Eventually, the son of the Family Foundation School’s founders, Emmanuel Argiros, who goes by Michael, took over day-to-day operations. In depositions in 2018 and 2021, he denied knowing about any reports of abuse while at the school. He elaborated in a deposition last April. “The magnitude and frequency of these events seems impossible,” he said. “The school was so open physically, like people everywhere moving around.”
He acknowledged several unorthodox practices there, including “trotting,” or forcing a student to jog in place for hours, as a form of punishment, and said that “sexuality was talked about on a regular basis.”
Asked about Mr. Geer and the accusations of sexual abuse, Mr. Argiros said: “Hindsight is 20-20. So you’re asking me if I think he’s an appropriate guy or not, and what I know today, no.” As for the cook, “He was harsh with the kids,” he said, adding that he ultimately quit or was fired.
Mr. Argiros, asked for comment at his home near Hancock, in Starlight, Pa., said, “I have no comment” and cited ongoing cases.
Another expert consulted by plaintiffs, Frank M. Marlow, is a former schools superintendent and principal in New Jersey. “Every child who was forced to go into an isolation room for an extended period of time, without the benefit of a toilet, should have been reported to Child Protective Services,” he wrote. “Every child forced to carry a bucket of gravel up and down a hill should have been reported to C.P.S. Any staff member using sexual language with children should have been terminated.”
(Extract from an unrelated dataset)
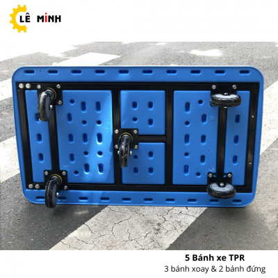 - Được lắp ráp 5 bánh xe(3 bánh xoay & 2 bánh đứng) tăng khả năng chịu lực cho sàn xe.

Ms. Ianelli, a psychotherapist and single mother in the Hudson Valley, said in an interview that she wanted the lawsuits to move other young victims of abuse to come forward.
“I hope a survivor out there somewhere sees other survivors with small victories in a big world,” she said. “There are plenty of me’s who never came forward. We’re not a bunch of losers — we’re tough, we’re smart.
“I went from laying with dust in my eyes on a gross basement floor in a blanket, laying in my own fluids, thinking, is this where it ends?” she said. “I want the world to see me doing well.”